The first part focuses on the non-feedback binary-input additive white Gaussian noise (AWGN) channel. A long-standing research problem is to design good linear block codes for this channel. As its primary contribution, we propose the cyclic-redundancy-check-aided (CRC-aided) convolutional code under serial list Viterbi decoding (SLVD). To design a good CRC-aided convolutional code, we propose the distance-spectrum optimal (DSO) CRC polynomial and provide an efficient search algorithm for a given convolutional code. We then analyze the performance and complexity of the SLVD for the CRC-aided convolutional code. For transmitting 64 information bits, simulation shows that some CRC-aided convolutional codes beat the random-coding union (RCU) bound at short blocklength.

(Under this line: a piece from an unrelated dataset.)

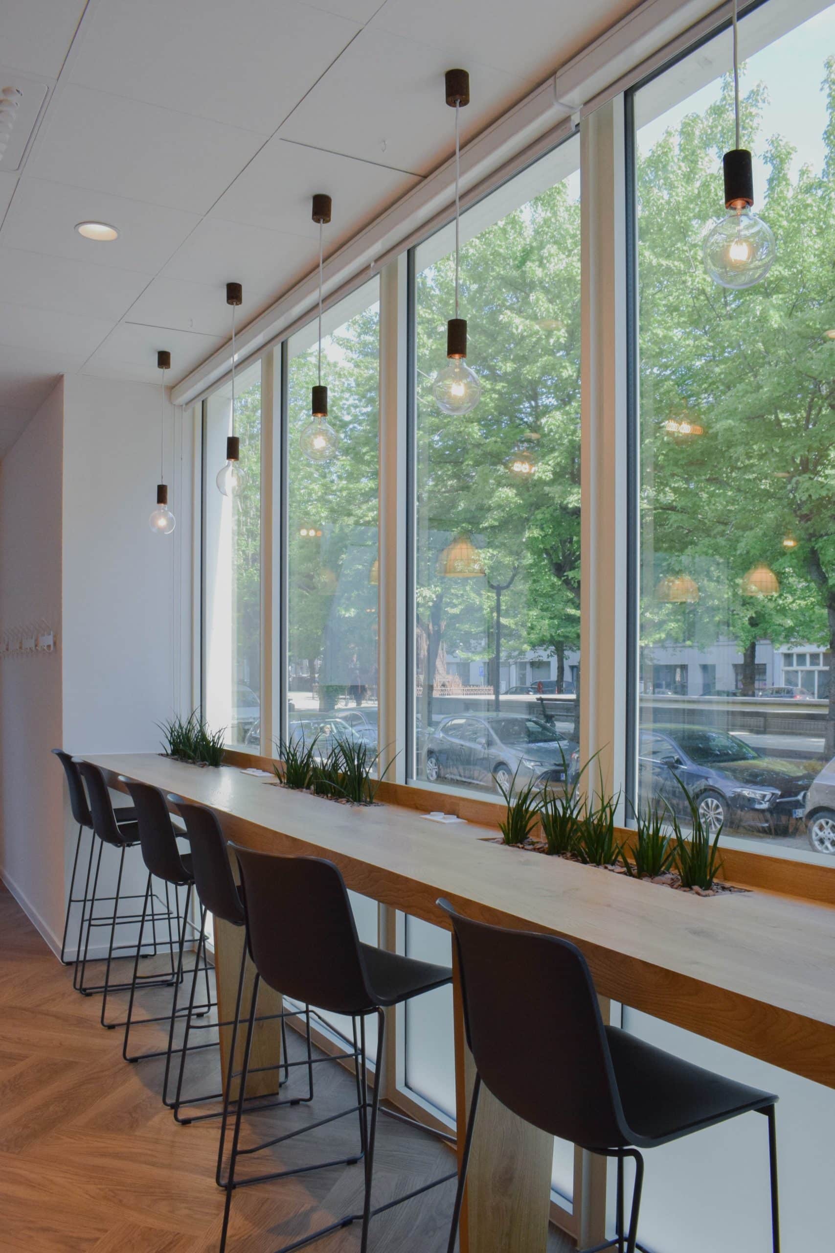 Natascha haalde alles wat ze kon uit de vierkante meters. Zo kan het werkcafé buiten de lunchuren ook omgetoverd worden tot aparte ruimtes. “Dat werkt fantastisch! Van ‘s ochtends tot ‘s avonds zijn er zowel meetings als babbels tussen collega’s, met bezoekers en leveranciers”, vertelt Fons. “Collega’s die elkaar vroeger amper zagen, treffen elkaar nu in het werkcafé.” En hoewel er veel kantooreilanden zijn in het open landschap, hebben ze elk hun eigenheid. Natascha: “Door te spelen met hoge en lage kastenformaties tussen de eilanden, krijgen deze een uniek karakter zonder dat je de ruimte in hokjes opdeelt.”

The second part of the dissertation focuses on the binary asymmetric channel (BAC) with full, noiseless feedback, including the binary symmetric channel (BSC) as a special case. Building on the small-enough-difference (SED) coding scheme of Naghshvar et al. originally proposed for symmetric binary-input channels with feedback, we generalize the coding scheme to the class of BACs with feedback, and establish a non-asymptotic achievability bound for the deterministic variable-length feedback (VLF) code constructed from the generalized SED coding scheme. In the specific case of the BSC, we present a refined non-asymptotic VLF achievability bound. Despite the extreme use of feedback, Naghshvar et al.'s results on the BSC with full feedback appear to be inferior to Polyanskiy's bound for codes with a limited use of feedback, known as the variable-length stop-feedback (VLSF) codes. In contrast, numerical evaluations show that our VLF achievability bounds outperform Polyanskiy's VLSF achievability bound for both BAC and BSC cases.

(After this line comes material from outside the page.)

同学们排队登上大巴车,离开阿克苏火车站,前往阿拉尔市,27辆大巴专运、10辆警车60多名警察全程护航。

The third part of the dissertation focuses on the performance of VLSF codes with finite optimal decoding times for the BI-AWGN channel. We first develop tight approximations on the tail probability of length-n cumulative information density which will play an important role in numerical evaluations. Building on a recent result of Yavas et al. on VLSF codes with finite decoding times, the problem reduces to an integer program of minimizing the upper bound of average blocklength subject to the average error probability, minimum gap, and integer constraints. By allowing real-valued decoding times and using a two-step minimization, we derive the gap-constrained sequential differential optimization procedure to numerically evaluate the achievability bound. Numerical evaluations show that Polyanskiy's bound for VLSF codes, which assumes infinite decoding times, can be closely approached with a finite (and relatively small) number of decoding times.